In another blow for Brittany Martin and her family, South Carolina Court of Appeal judges disagreed that her 4-year prison sentence for yelling at police officers during a protest was excessive and upheld her conviction.
And, in May, Martin was denied an early release by a state parole board. She won’t have another hearing until next year.
It’s been over two years since the mother of five has been separated from her family, and their devastation has been intensified by Martin’s claims that she’s being mistreated in the Illinois facility where she’s incarcerated.

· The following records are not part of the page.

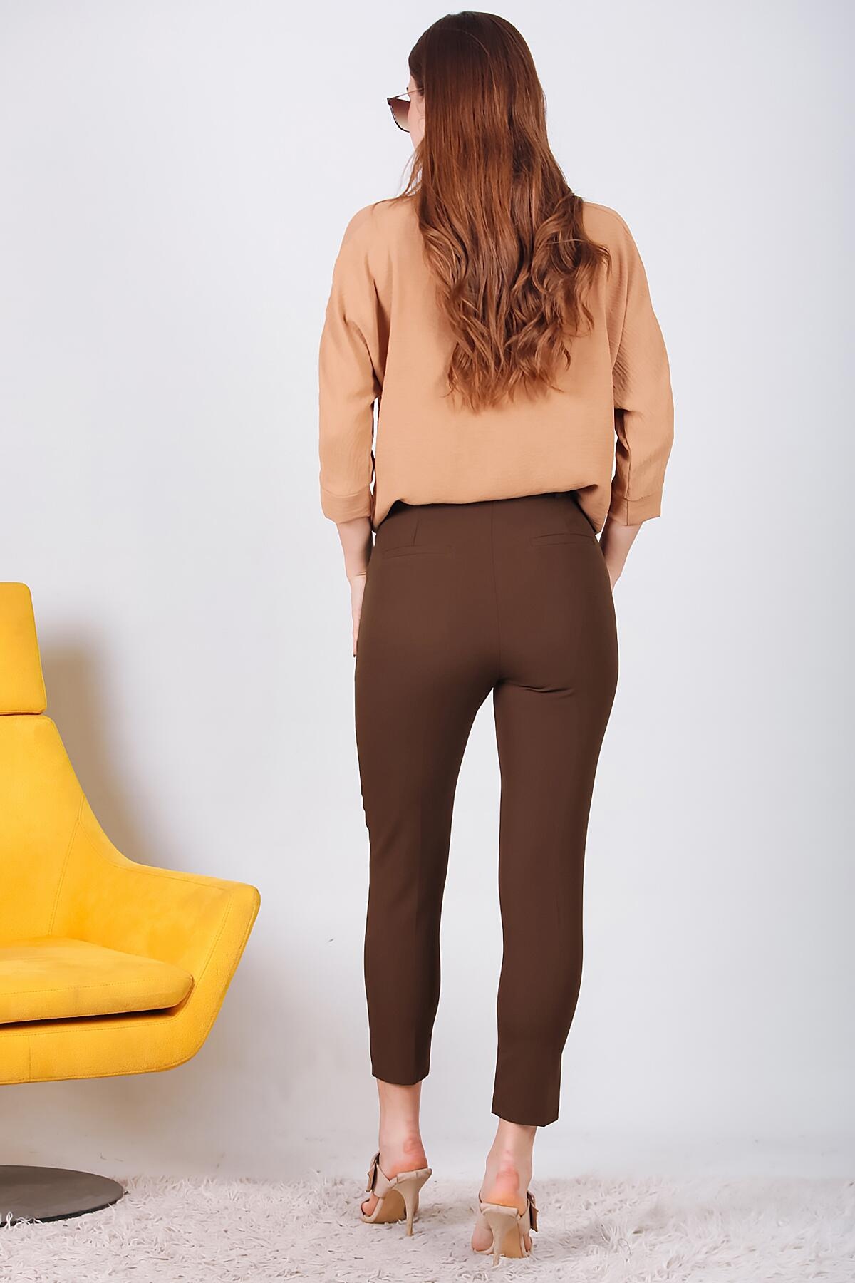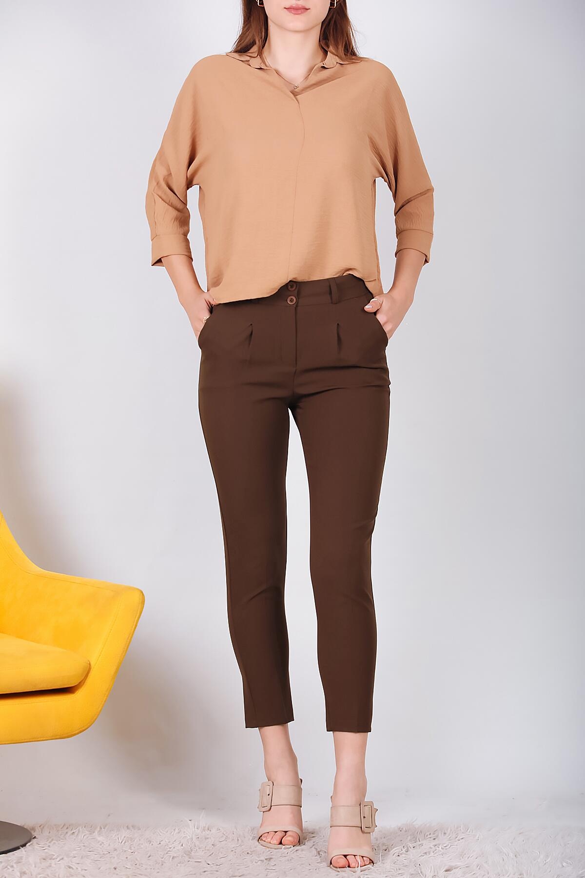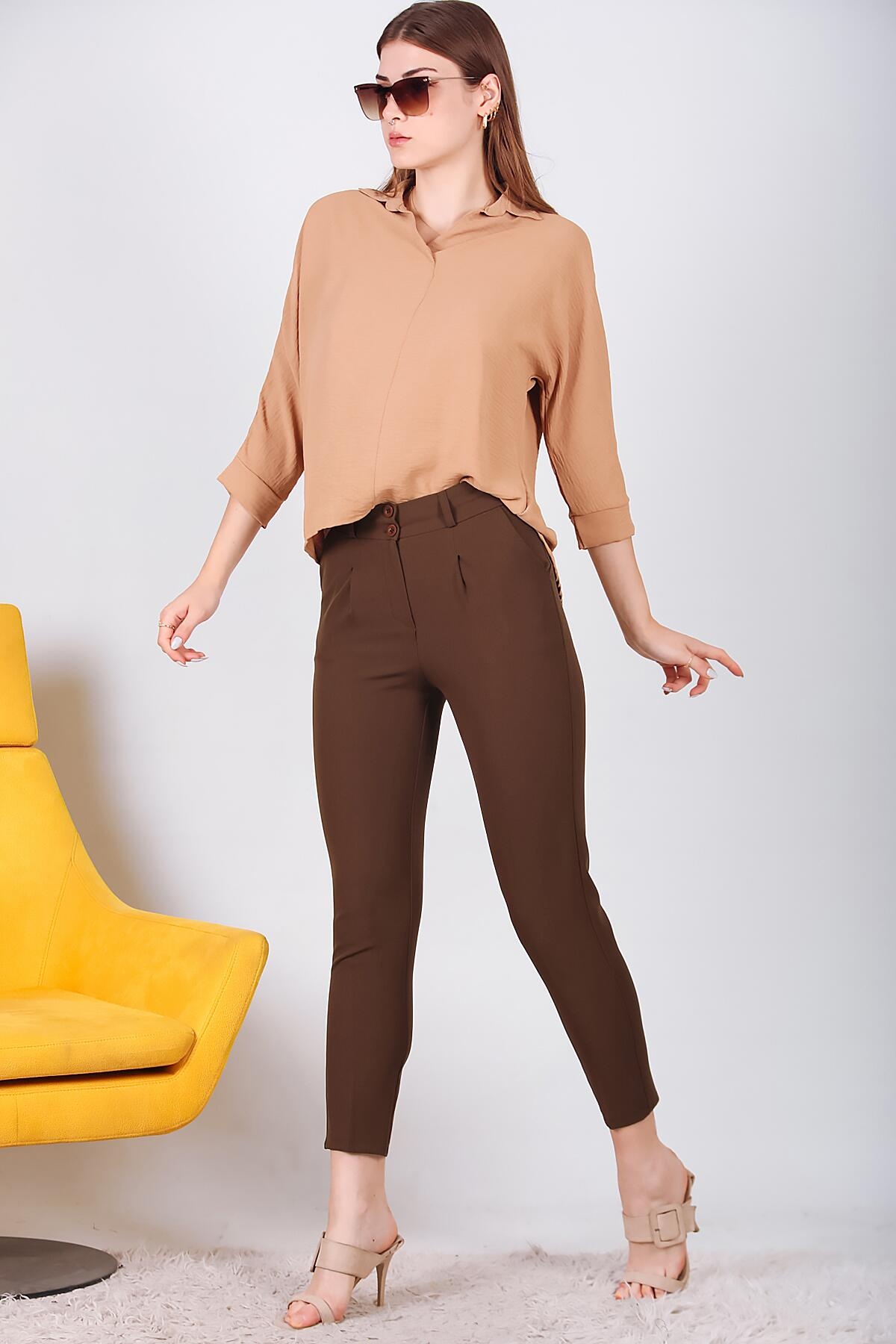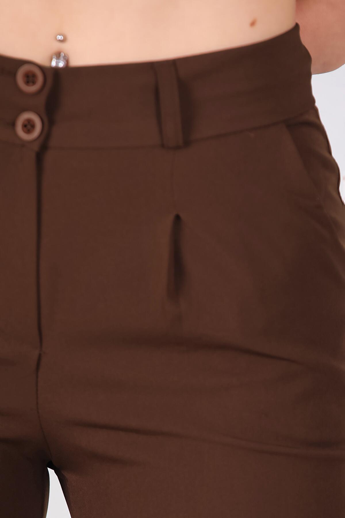 Kadın Çift Düğmeli Pantolon Kahverengi
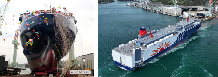 Tokyo - April 11, 2024 Mitsui O.S.K. Lines, Ltd. (MOL; President & CEO: Takeshi Hashimoto) and its group company MOL Sunflower Ltd. (MOL Sunflower; President & CEO: Hirotoshi Ushioku; Headquarters: Chiyoda-ku, Tokyo) today announced that the naming and launching ceremony for the first of two LNG-fueled ferries, which are under construction at Naikai Zosen Corporation (President: Kosaku Hara; Headquarters: Onomichi-shi, Hiroshima Prefecture), was held at Innoshima Shipyard on April 11. The vessel was given its name Sunflower Kamuy by Tomoyasu Marutani, Chairman of Secoma Company Limited, and then his wife, Michiko Marutani, performed the ceremonial rope cutting. The vessel will be delivered at Naikai Shipbuilding in December 2024 and is slated to enter service on the late-night Oarai-Tomakomai route operated by MOL Sunflower in early 2025. The second of the two new vessels is scheduled to enter service on the same route within 2025. With the addition of these vessels, the MOL Group will operate a fleet of four LNG-fueled ferries on east-west routes in Japan by 2025, joining the Sunflower Kurenai and Sunflower Murasaki, which went into service on the Osaka-Beppu route in 2023. Video by MOL. About the Sunflower Kamuy Origin of the ship's name
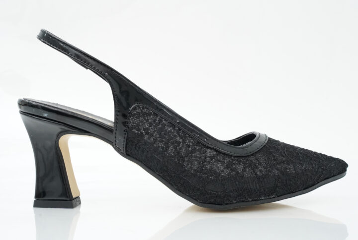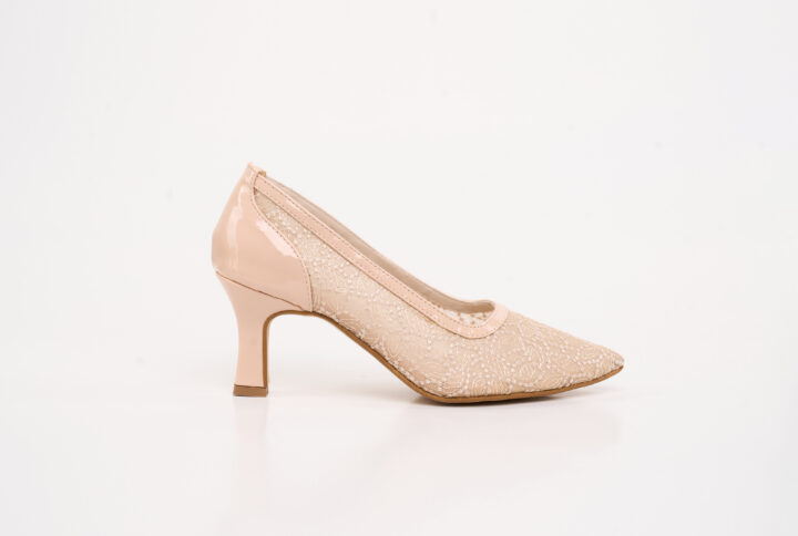 Escarpin raffiné au design délicat, sublimé par des empiècements en tulle fin sur les deux côtés, apportant une touche de féminité et de légèreté.
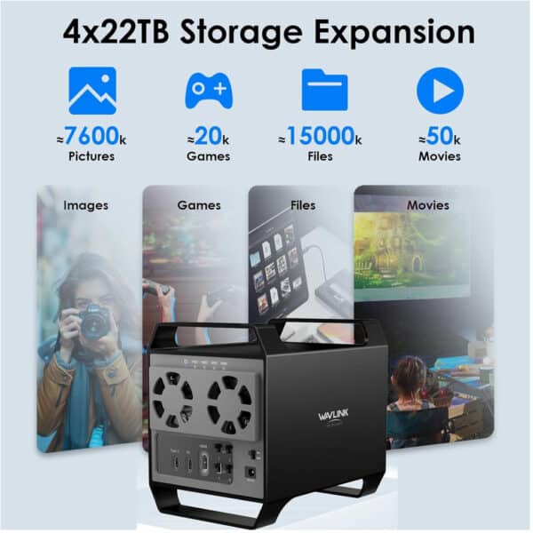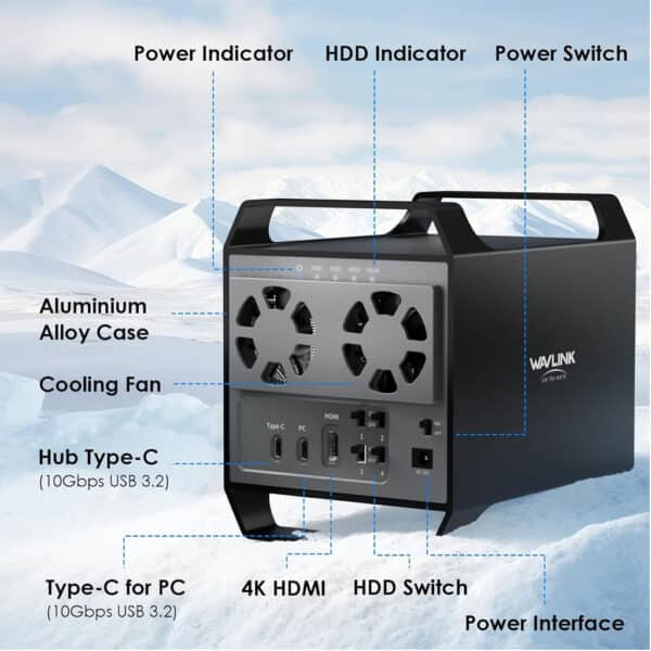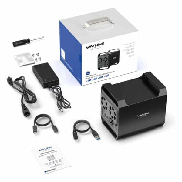 The WAVLINK 4-Bay Hard Drive Enclosure is a high-speed, multi-functional storage solution for professionals and power users. Supporting both 3.5″ and 2.5″ SATA HDDs and SSDs, it delivers up to 88TB total capacity and 10Gbps USB-C 3.2 transfer speeds. Designed with an aluminum body, dual cooling fans, and 4K HDMI video output, it combines performance, durability, and versatility in one compact unit.

“I think this [the appeal being denied] is all B.S.; it’s a crock,” a frustrated Eric Kennedy, Martin’s husband, told Capital B.
Legal advocates also warn that Martin is being made an example of, and her conviction sends a message to others about not protesting in South Carolina.
“The court sidestepped the serious First Amendment issues we raised on appeal, finding that those arguments had not been preserved by trial counsel,” according to a statement provided by the South Carolina chapter of the American Civil Liberties Union, which represented Martin in her appeal.
The statement went on to say, “then, in a single paragraph, the court concluded that Ms. Martin’s absurdly long four-year sentence — perhaps the harshest ever under the state’s breach of the peace law — was not disproportionately harsh under the Eighth Amendment.”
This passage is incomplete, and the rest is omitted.